Exercise
Start at the first line below and write out everything verbatim except the pictures.

Data block
((

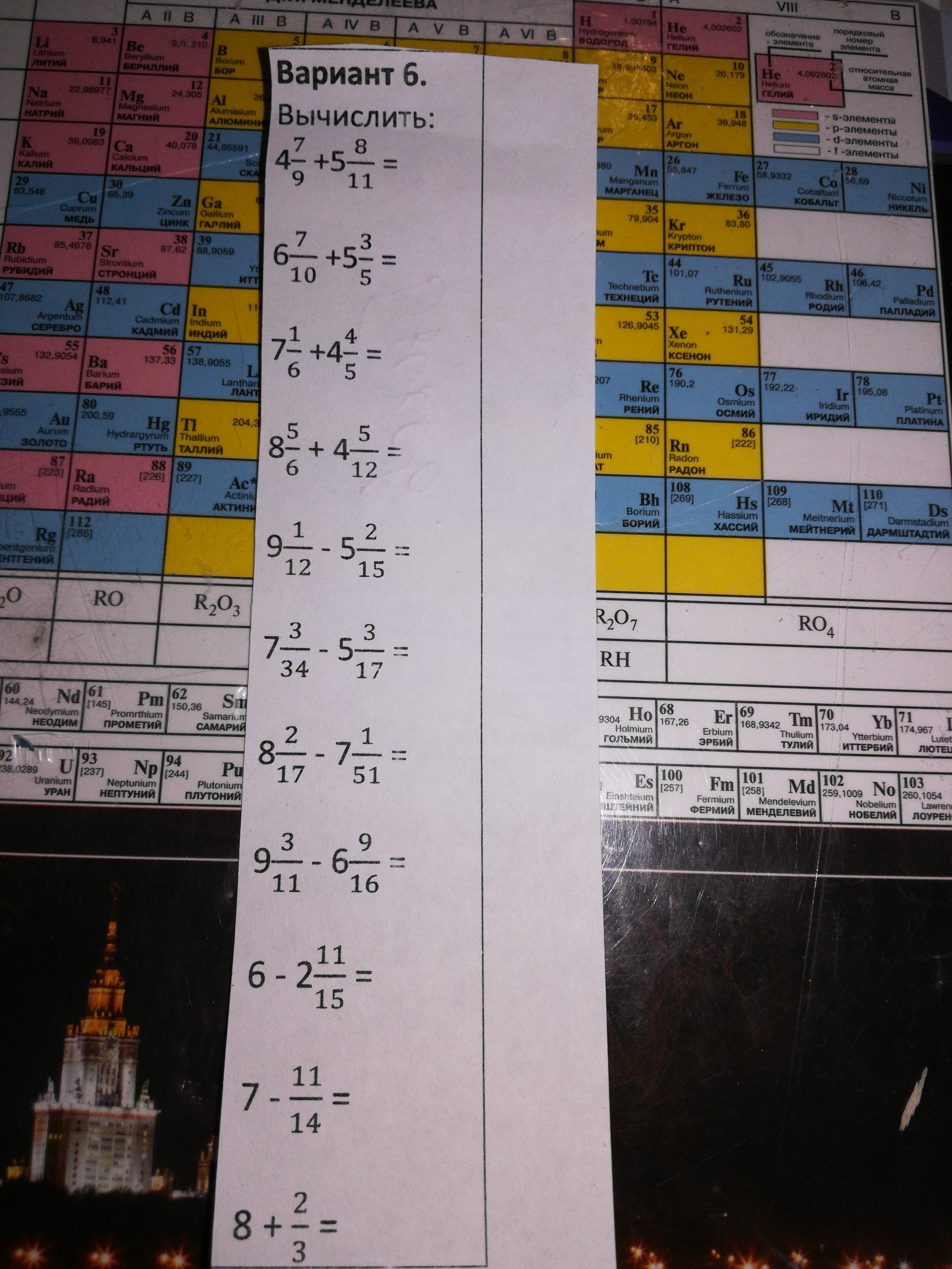 Короче смотри,чтобы решить надо перевести в неправильную дробь. То есть 8 целых умножаем на 6 и прибавляем 5. 2-ую дробь также. Складываем. Числитель и знаменитель. Числитель (сверху) знаменатель (снизу). Короче,лучше не списывай а посмотри уроки. На ютубе. Как складывать дроби(смешанные). А если сейчас эту тему упустишь,потом просто ступор будет. Говорю тебе как та у которой были проблемы с математикой.
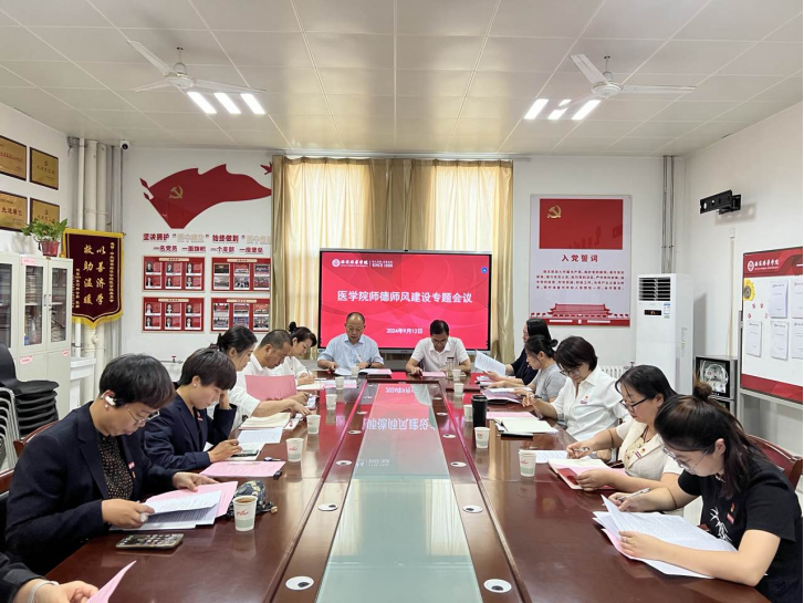为深入学习贯彻习近平总书记在全国教育大会上的讲话精神,实施教育家精神铸魂强师行动,深化立德树人教育理念,切实加强学院教师队伍师德师风建设,2024年9月12日,医学院组织开展“明师德 铸师魂 守初心 担使命”师德师风专题教育学习活动,医学院院长扈国栋、党委书记兼行政副院长史立军、学院党委委员、全体党支部书记(副书 记)、教师代表、党务干事参加会议。会议由医学院党委书记兼行政副院长史立军主持。
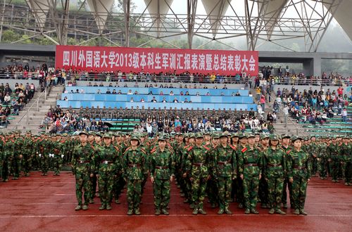 至此,四川外国语大学2013级本科学生军训汇报表演暨总结表彰大会在悠扬的校歌声中圆满地落下了帷幕。

))

Result of this task
 Короче смотри,чтобы решить надо перевести в неправильную дробь. То есть 8 целых умножаем на 6 и прибавляем 5. 2-ую дробь также. Складываем. Числитель и знаменитель. Числитель (сверху) знаменатель (снизу). Короче,лучше не списывай а посмотри уроки. На ютубе. Как складывать дроби(смешанные). А если сейчас эту тему упустишь,потом просто ступор будет. Говорю тебе как та у которой были проблемы с математикой.
为深入学习贯彻习近平总书记在全国教育大会上的讲话精神,实施教育家精神铸魂强师行动,深化立德树人教育理念,切实加强学院教师队伍师德师风建设,2024年9月12日,医学院组织开展“明师德 铸师魂 守初心 担使命”师德师风专题教育学习活动,医学院院长扈国栋、党委书记兼行政副院长史立军、学院党委委员、全体党支部书记(副书 记)、教师代表、党务干事参加会议。会议由医学院党委书记兼行政副院长史立军主持。
 至此,四川外国语大学2013级本科学生军训汇报表演暨总结表彰大会在悠扬的校歌声中圆满地落下了帷幕。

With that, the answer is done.